Enterprise Products Partners says the energy industry will have a firmer foundation in 2017 as the gap between supply and demand narrows.
In its third quarter financial report Enterprises’ general partner CEO Jim Teague believes that the energy industry has ‘weathered the harshest part of this cycle’ as the company reported its adjusted EBITDA for the third quarter was $1,259 million compared to $1,310 million in the same period in 2015.
Its capital investments were $621 million in the third quarter and it currently has $5.6 billion of growth capital projects under construction that will begin commercial service between now and the end of 2018 including a crude oil pipeline and a natural gas processing plant.

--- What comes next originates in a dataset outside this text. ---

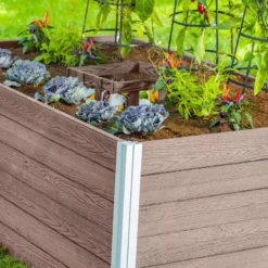 The Urbana Keyhole Composting Garden is crafted from a never before seen material that offers the natural look of wood, but with the lightweight durability of polymer. Dual aesthetic boards can be reversed to allow for either a natural wood grain look or brushed finish and are BPA/phthalate-free ensuring healthy, safe food production and a long product lifespan. Boards slide into posts easily and conveniently, with no need for tools or screws. The innovative posts make for perfectly modular garden beds, allowing you to design and configure your own unique layout and size. It’s smart, sustainable and beautifully designed.
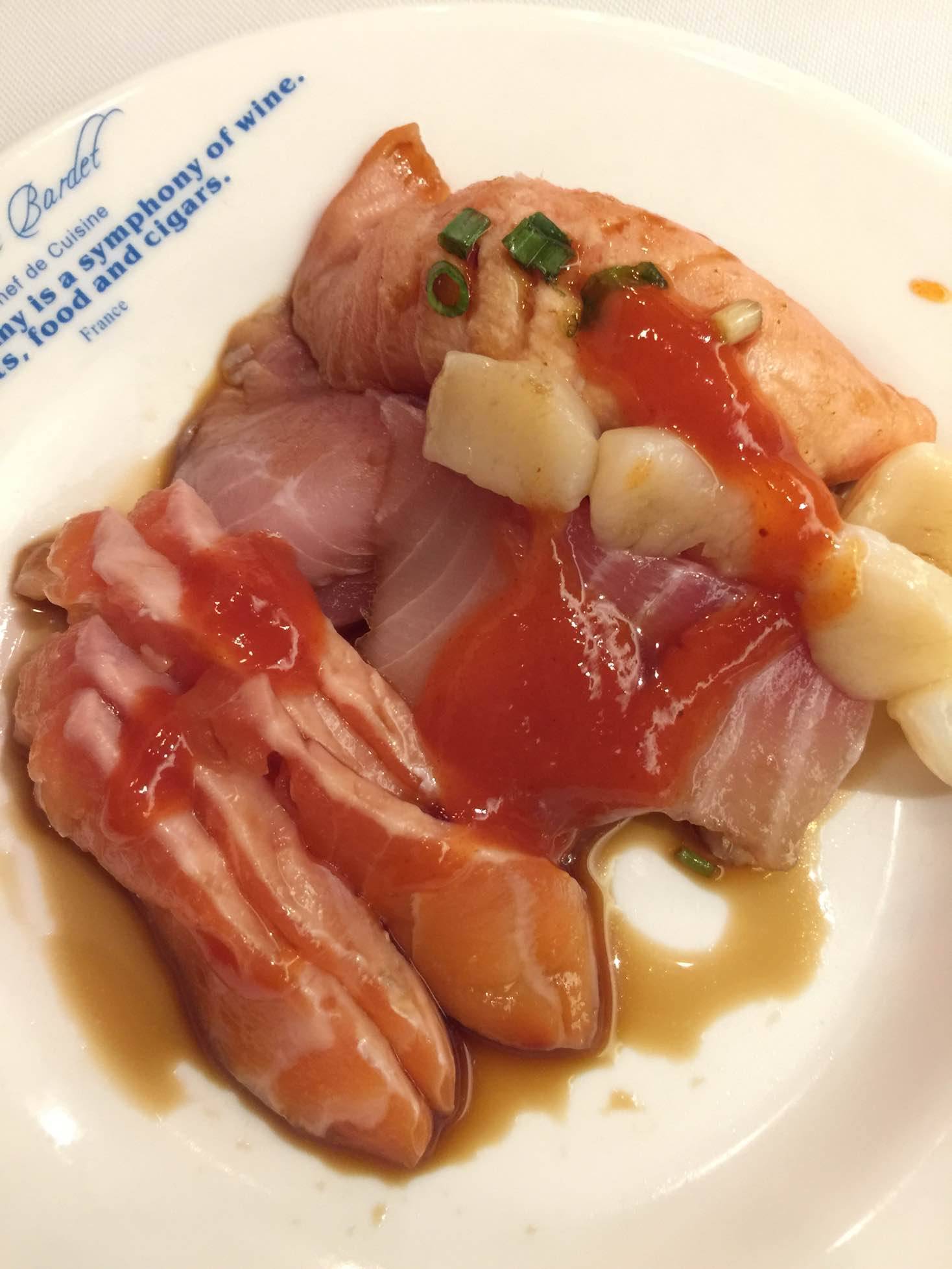 我的天呐,看着就想吃。。。你还吃鱿鱼?还吃虾??生鱼片???唉妈呀,我都不敢吃

Teague says: ‘While the industry may still experience bouts of commodity price weakness and volatility, we believe it has a firmer foundation going into 2017 as the gap between supply and demand has narrowed and should continue to do so.
‘We are seeing significant ‘green shots’ of producer activity as a result of the opportunity to hedge future sales of crude, NGLs and natural gas at economic levels.
‘In additional to the acceleration of investment in the Permian Basin, we are seeing activity attributable to new discoveries, deployment of new technology, including in well-established areas such as the Eagle Ford and Haynesville, and changes in ownership of acreage as some producers emerge from restructuring.’
He adds that during the third quarter, Enterprise transported more than five million barrels per day through out liquids pipelines and handled more than 1.2 million barrels per day at its marine terminals.
A construction project at Enterprise’s EFS Midstream assets added more than nine million barrels of additional storage capacity at the ECHO, EHT and Beaumont facilities since the third quarter 2015. The new tanks contributed a $13 million increase in gross operating margin in the 2016 third quarter compared to the same quarter in 2015.